0

Let $\mathcal{X}, \|\cdot\|_p$ be a metric space where $\mathcal{X}\subseteq \mathbb{R}^n$ and $\mathcal{P}(\mathcal{X})$ the set of probability measures on that space. A paper I am reading defines the Total Variation Distance between two distributions $P, Q \in \mathcal{P}(\mathcal{X})$ as follows: $$\text{TV}(P, Q) = \frac{1}{2} \int_\mathcal{X} |dP(x) - dQ(x)|$$ I'm used to integrals like $\int f(x) dx$ and found this post which explains the notion behind something like $\int f(x) dP(x)$. However, I don't understand the $|dP(x) - dQ(x)|$ part - how would we integrate over the absolute value of two different infinitesimally small elements taken from two distributions? I would be grateful if someone could provide some intuition behind this or some keywords/topics I would need to read about to understand this.

1 Answers1

0

I think it refers to the following:

The set of (finite) measures on a space can be made into a normed space.

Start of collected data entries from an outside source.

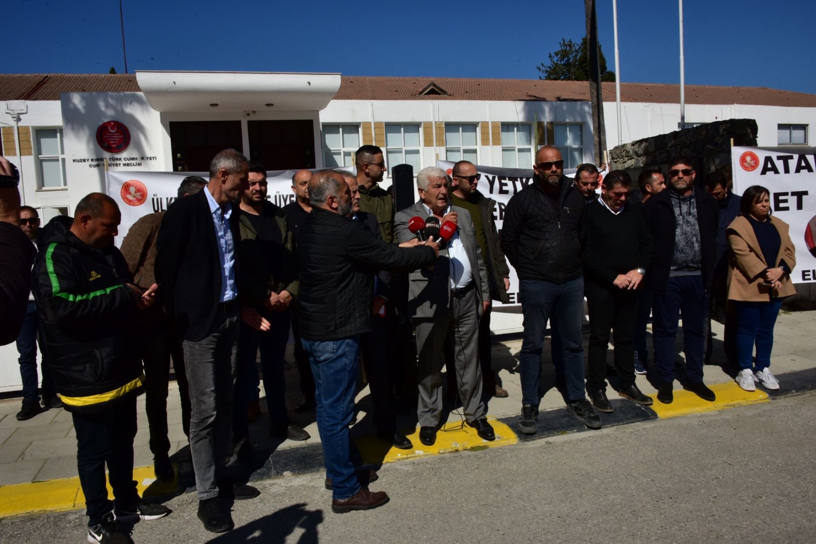 Başbakan Ünal Üstel’e, Ekonomi ve Enerji Bakanı Olgun Amcaoğlu’na ve komite üyeleri Resmiye Canaltay, Hüseyin Çavuş, Hasan Küçük ile Kıb*-Tek Genel Müdür Vekili Dalman Aydın’a yönelik eleştirilerin yer aldığı pankartların açıldığı eylemde, Kıbrıs Türk İşçi Sendikaları Federasyonu (Türk-Sen) Başkanı Aslan Bıçaklı ile El-Sen Başkanı Çağlayan Cesurer birer konuşma yaptı.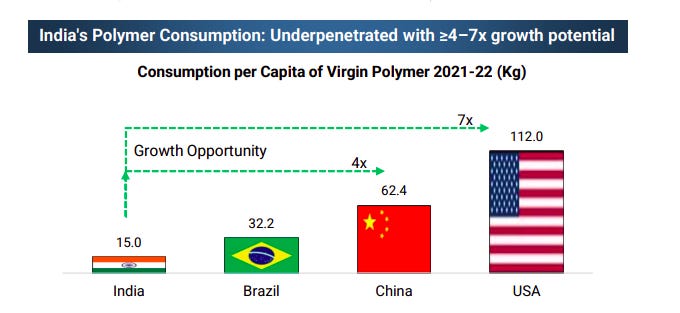 India’s per-capita polymer consumption remains significantly underpenetrated at ~15 kg versus China and the US, indicating a 4–7x long-term growth opportunity. Rising industrialization, packaging demand, and consumption-led growth position India for sustained polymer volume expansion.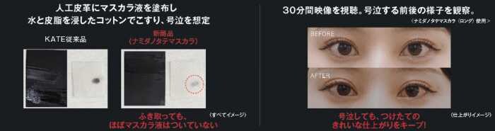 KATEは、アイメイク崩れの原因となる「涙・皮脂・摩擦」に着目。特に涙を拭う“号泣”という過酷な環境でも落ちにくいアイメイクを目指し、新ライン「号泣の涙神」を開発しました。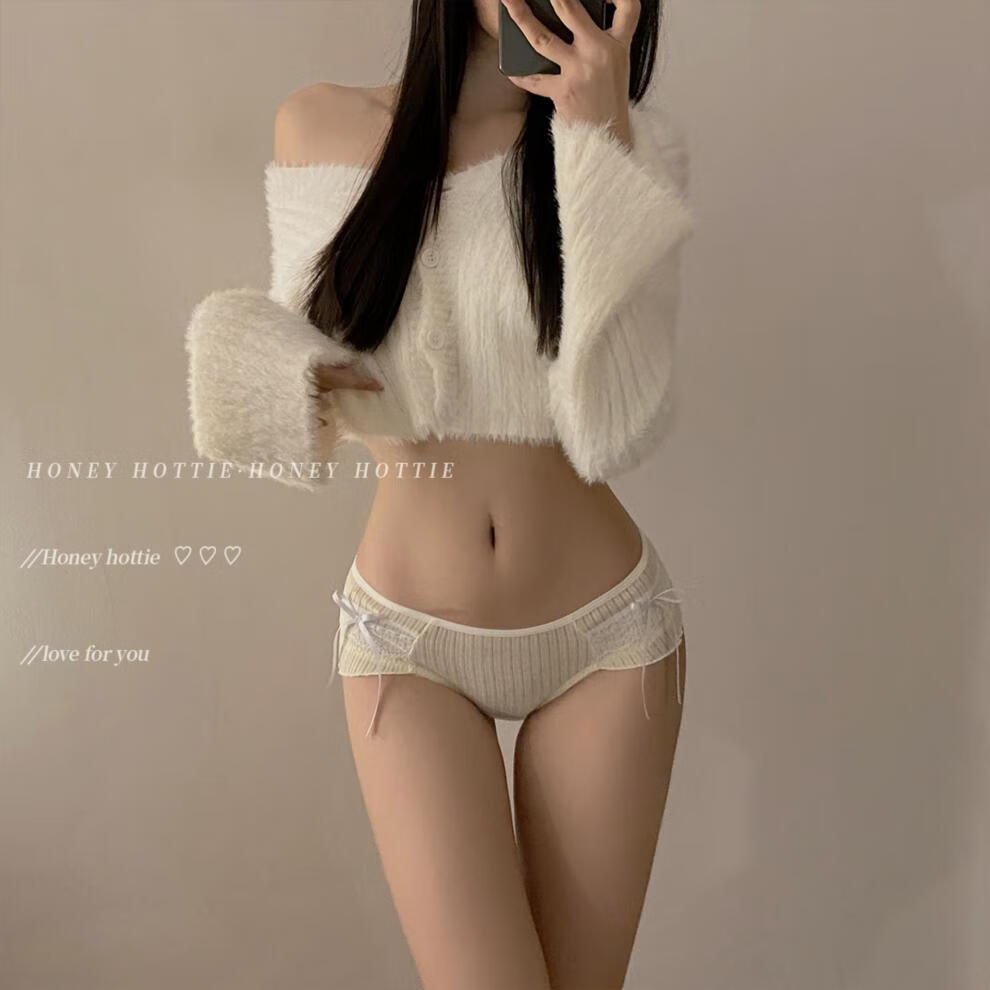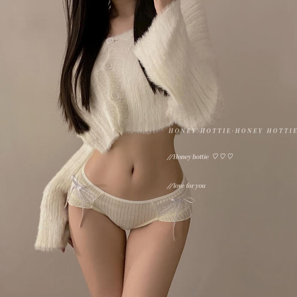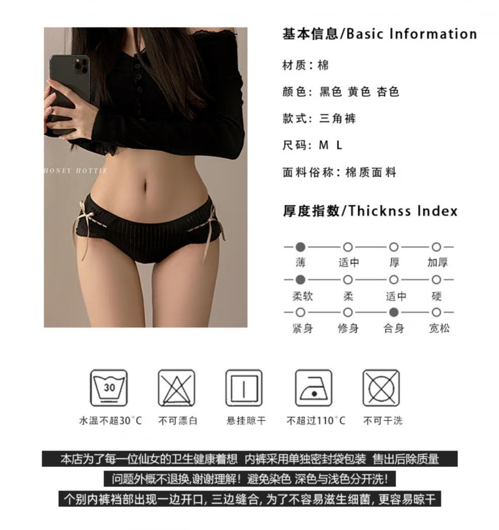Universal Japanese simple pure cotton low-waist girls' underwear, breathable and comfortable, solid color bow new style, apricot + yellow + black, 12% off for orders of 5 pieces L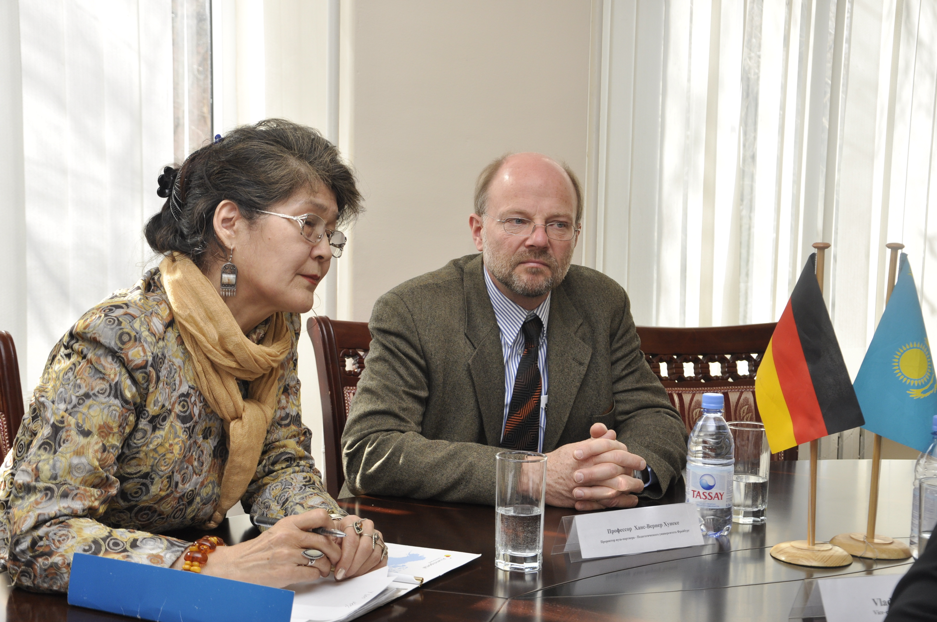 11.04.2011 13.03.2011-20.03.2011 Vice-rector of Freiburg Pedagogical University (Germany) professor Hans- Werner Huneke visited Abai KazNPU. The purpose of the visit is meeting with the academic staff, postgraduate and undergraduate students; development of further bilateral cooperation; discussing the issues of international accreditation of academic programs and opening the German studies Institute in Almaty. Prof. Huneke held master classes/seminars on the following themes: "System of Education in FRG", "Issues of teaching German as a foreign language" for students of philological, psycho-pedagogical, preparation faculties and master and PhD programs Institute.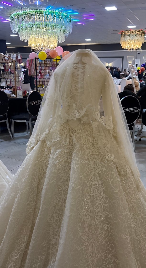 Uzun ve vücuda oturan prenses gelinlik, straplez yakalı ve ince askılıdır. Vintage tarzda, detaylı dantel işlemeli ve açık beyaz renklidir, klasik şıklık için uygundur. 36 40 bedene kadar uygun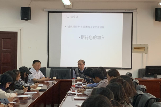 首先湖北省“盛帆公益基金会”负责人钟守军先生就“盛帆领航者”乡镇困境儿童公益项目背景、项目概况、实施方案、项目预算进行了详细介绍。钟守军先生谈到在江夏区21所高校里,有93个志愿团队,但他们的志愿服务对象主要分布在近郊和城区,对江夏区南部贫困乡镇的关注远远不够,“盛帆领航者”公益项目则是专注于关爱偏远地区困境儿童。“盛帆领航者”项目每期一年,采取志愿者与困境儿童一对一结对,通过每周一次电话、每月一次见面的形式为江夏偏远地区困境儿童进行课业辅导、心理关怀、心灵陪伴、习惯养成、传递温暖。
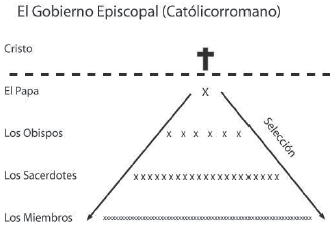 La estructura “episcopal” tiene una jerarquía de autoridad. En este sistema, la congregación no selecciona quién va a ser su pastor o sacerdote, sino las autoridades superiores, que normalmente son llamados obispos (ἐπίσκοπος, “epískopos”, en griego, significa “supervisor”). La Iglesia Católica Romana es el ejemplo más notable de esta estructura, en que el Papa es la máxima autoridad. La Iglesia Ortodoxa Griega, la Iglesia Luterana, la Iglesia Metodista y la Iglesia Anglicana, también son consideradas “episcopales” en su forma de gobierno. La siguiente figura ilustra la estructura “episcopal”. Observe las flechas que indican que el proceso de selección va en una sola dirección, de arriba a abajo. Las ventajas del sistema episcopal son que demuestra unidad y anima mayor rendición de cuentas.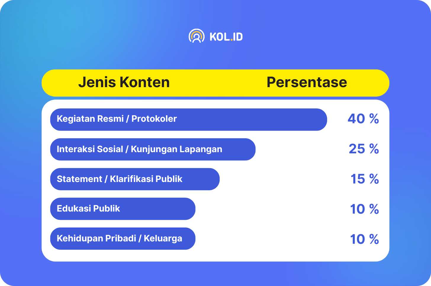 Menariknya, terdapat pola tertentu dalam jenis konten yang diunggah oleh para menteri di akun resminya. Berdasarkan observasi yang disusun tim KOL.ID berdasarkan tren konten yang sering ditemukan pada akun Instagram menteri-menteri Indonesia dalam beberapa waktu kebelakang, berikut ini adalah persentase jenis unggahan yang paling sering ditemukan di Instagram menteri Indonesia.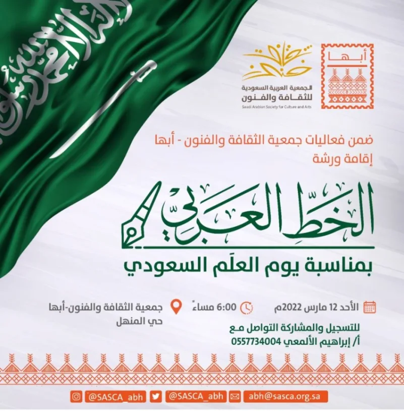 شبكة المدارالإعلامية الأوروبية…_تحتفي جمعية الثقافة والفنون بأبها مساء اليوم الأحد بيوم العلم بمعرض فوتوغرافي بعنوان ” البيرق” مع ورشة للخط العربي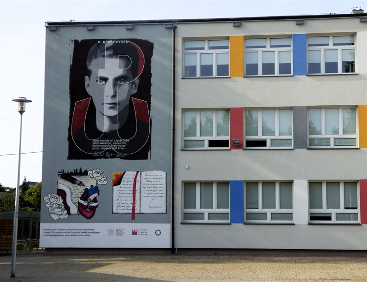 W warszawskiej dzielnicy Ursus znajduje się Szkoła Podstawowa 381 im. Krzysztofa Kamila Baczyńskiego. Na ścianie budynku szkolnego 22 stycznia 2022 r. - w 101 rocznicę urodzin - odsłonięto mural upamiętniający patrona. Powstał on z inicjatywy Narodowego Centrum Kultury. Wykonawcą była firma Good Looking Studio znana z kilkuset takich malowideł w Polsce i za granicą. Firma zorganizowała konkurs na projekt, a wzięli w nim udział uczniowie z najstarszych klas. Dzieło jest kompilacją prac trójki ósmoklasistów - Mai Ciężak, Mai Czułowskiej i Kamila Polaka.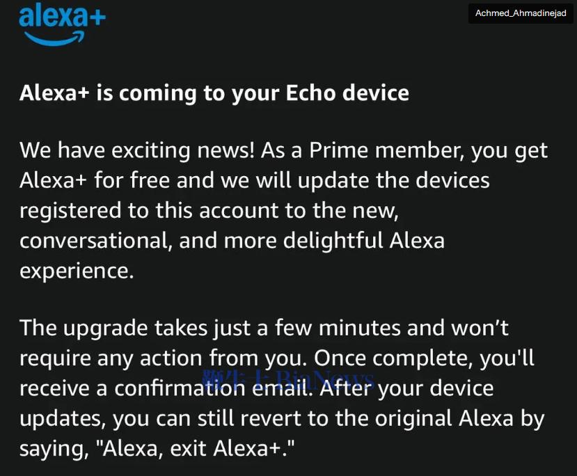 据多名Prime会员在社交平台披露,亚马逊向其发送通知称,作为会员权益,其Alexa助手将被“免费升级”为AlexaPlus。升级完成后,用户会收到确认邮件。如不希望继续使用AlexaPlus,可通过语音指令“Alexa,exitAlexaPlus”切换回旧版本。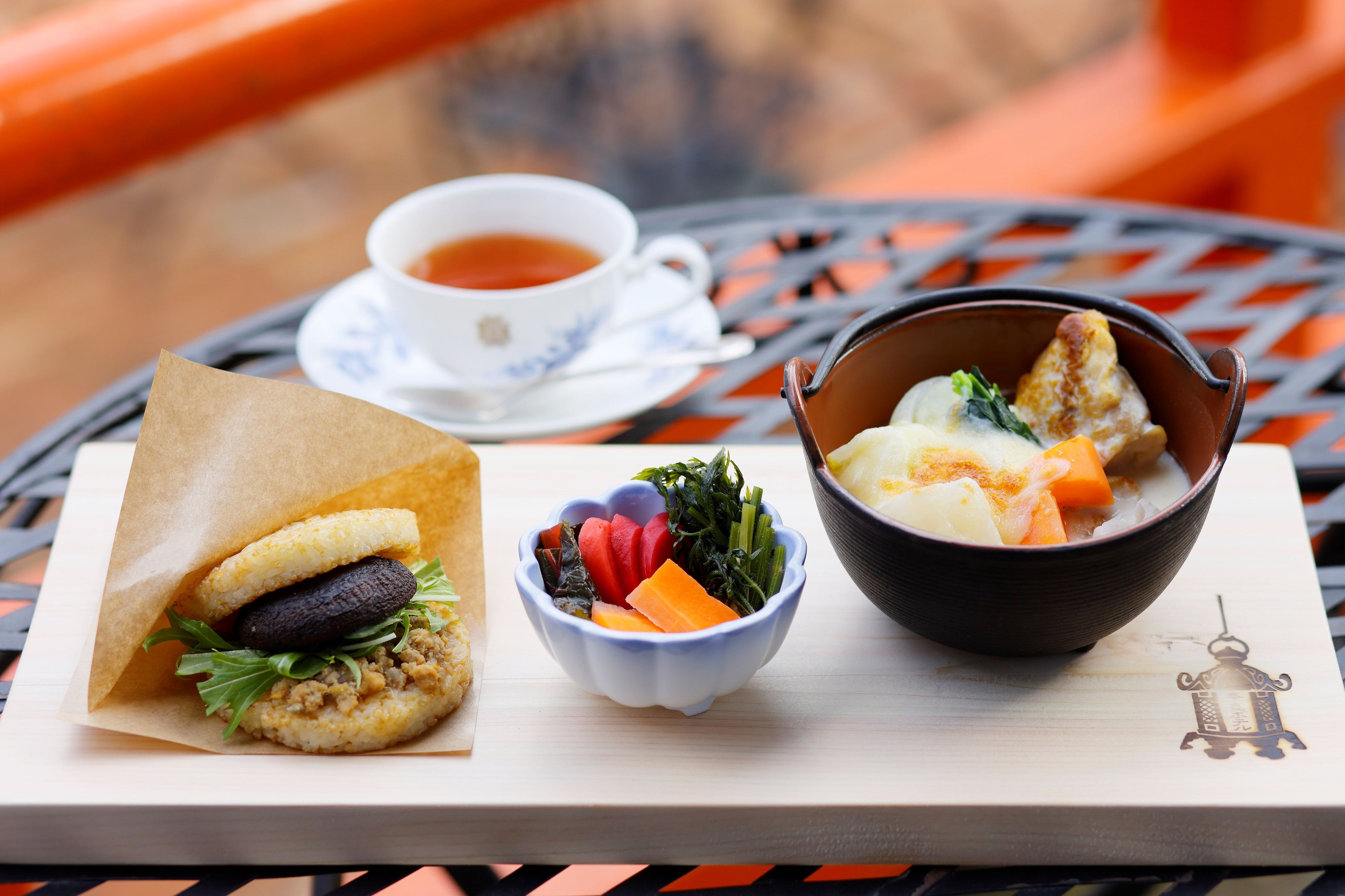 メニューは、昨年の12月、ホテルシェフが山添村の生産農家を訪問し、約1ヵ月の期間をかけて考案いたしました。内容は、豆乳のまろやかな味わいと野菜の旨味を活かした①山添野菜のクリームグラタン、風味豊かな味噌と野菜が織りなす上品な味が特徴の②山添野菜と豆くら味噌のライスバーガー、山添村の代表野菜で赤色がとても印象的な③片平あかねと山添野菜のピクルスです。また、これら3種の料理を盛り付ける木製プレートは、山添村の合資会社向井製材所さんから建築資材として使うことができない材木を譲り受け、当ホテルのスタッフが磨き上げ成形したものです。さらに、観光客やインバウンドのお客様にも気軽にランチを楽しみながら山添村について広く知ってもらうため、山添村の茶花紅茶もセットにし、3,500円(サービス料・税金込み)というリーズナブルな値段でご用意いたします。

The norm of a measure is given by $$|\mu|=\sup \sum_i |\mu(A_i)|$$ where the supremum is taken over all partitions $(A_i)_{i \in \mathbb{N}}$ of the sample space.

Hence, you can think of $\mathrm{d}P-\mathrm{d}Q$ as a new measure $\mathrm{d}\mu$ and then the TV reduces to $0.5$ times the norm of this measure.

P.Jo
  • 839